POST /website/blog/1/_update

{

"script" : "ctx._source.views+=1"

}

SCRIPTING WITH GROOVY

For those moments when the API just isn’t enough, Elasticsearch allows you to write your own custom logic in a script. Scripting is supported in many APIs including search, sorting, aggregations, and document updates. Scripts can be passed in as part of the request, retrieved from the special .scripts index, or loaded from disk.

The default scripting language is a Groovy, a fast and expressive scripting language, similar in syntax to JavaScript. It runs in a sandbox to prevent malicious users from breaking out of Elasticsearch and attacking the server.

You can read more about scripting in the scripting reference documentation.

We can also use a script to add a new tag to the tags array. In this example we specify the new tag as a parameter rather than hardcoding it in the script itself. This allows Elasticsearch to reuse the script in the future, without having to compile a new script every time we want to add another tag:

POST /website/blog/1/_update

{

"script" : "ctx._source.tags+=new_tag",

"params" : {

"new_tag" : "search"

}

}

Fetching the document shows the effect of the last two requests:

{

"_index": "website",

"_type": "blog",

"_id": "1",

"_version": 5,

"found": true,

"_source": {

"title": "My first blog entry",

"text": "Starting to get the hang of this...",

"tags": ["testing", "search"], 1

"views": 1 2

}

}

1

The search tag has been appended to the tags array.

2

The views field has been incremented.

We can even choose to delete a document based on its contents, by setting ctx.op to delete:

POST /website/blog/1/_update

{

"script" : "ctx.op = ctx._source.views == count ? 'delete' : 'none'",

"params" : {

"count": 1

}

}

Updating a Document That May Not Yet Exist

Imagine that we need to store a page view counter in Elasticsearch. Every time that a user views a page, we increment the counter for that page. But if it is a new page, we can’t be sure that the counter already exists. If we try to update a nonexistent document, the update will fail.

In cases like these, we can use the upsert parameter to specify the document that should be created if it doesn’t already exist:

POST /website/pageviews/1/_update

{

"script" : "ctx._source.views+=1",

"upsert": {

"views": 1

}

}

The first time we run this request, the upsert value is indexed as a new document, which initializes the views field to 1. On subsequent runs, the document already exists, so the script update is applied instead, incrementing the views counter.

Updates and Conflicts

In the introduction to this section, we said that the smaller the window between the retrieve and reindex steps, the smaller the opportunity for conflicting changes. But it doesn’t eliminate the possibility completely. It is still possible that a request from another process could change the document before update has managed to reindex it.

To avoid losing data, the update API retrieves the current _version of the document in the retrieve step, and passes that to the index request during the reindex step. If another process has changed the document between retrieve and reindex, then the _version number won’t match and the update request will fail.

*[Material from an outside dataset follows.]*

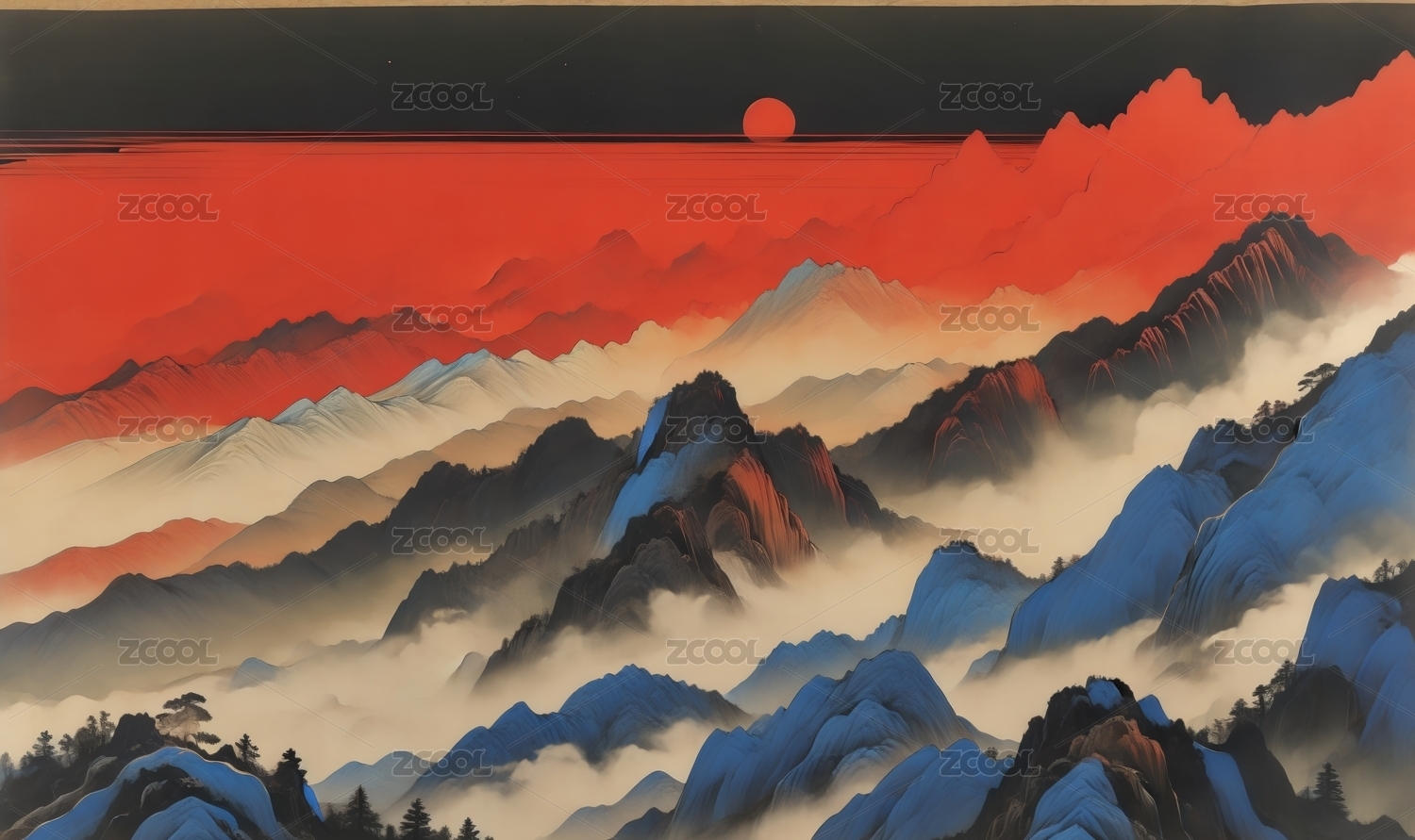 水墨风层叠山峦云雾中式景观图

For many uses of partial update, it doesn’t matter that a document has been changed. For instance, if two processes are both incrementing the page-view counter, it doesn’t matter in which order it happens; if a conflict occurs, the only thing we need to do is reattempt the update.

This can be done automatically by setting the retry_on_conflict parameter to the number of times that update should retry before failing; it defaults to 0.

POST /website/pageviews/1/_update?retry_on_conflict=5 1

{

"script" : "ctx._source.views+=1",

"upsert": {

"views": 0

}

}

1

Retry this update five times before failing.

This works well for operations such as incrementing a counter, where the order of increments does not matter, but in other situations the order of changes is important. Like the index API, the update API adopts a last-write-wins approach by default, but it also accepts a version parameter that allows you to use optimistic concurrency control to specify which version of the document you intend to update.

Retrieving Multiple Documents

As fast as Elasticsearch is, it can be faster still. Combining multiple requests into one avoids the network overhead of processing each request individually. If you know that you need to retrieve multiple documents from Elasticsearch, it is faster to retrieve them all in a single request by using the multi-get, or mget, API, instead of document by document.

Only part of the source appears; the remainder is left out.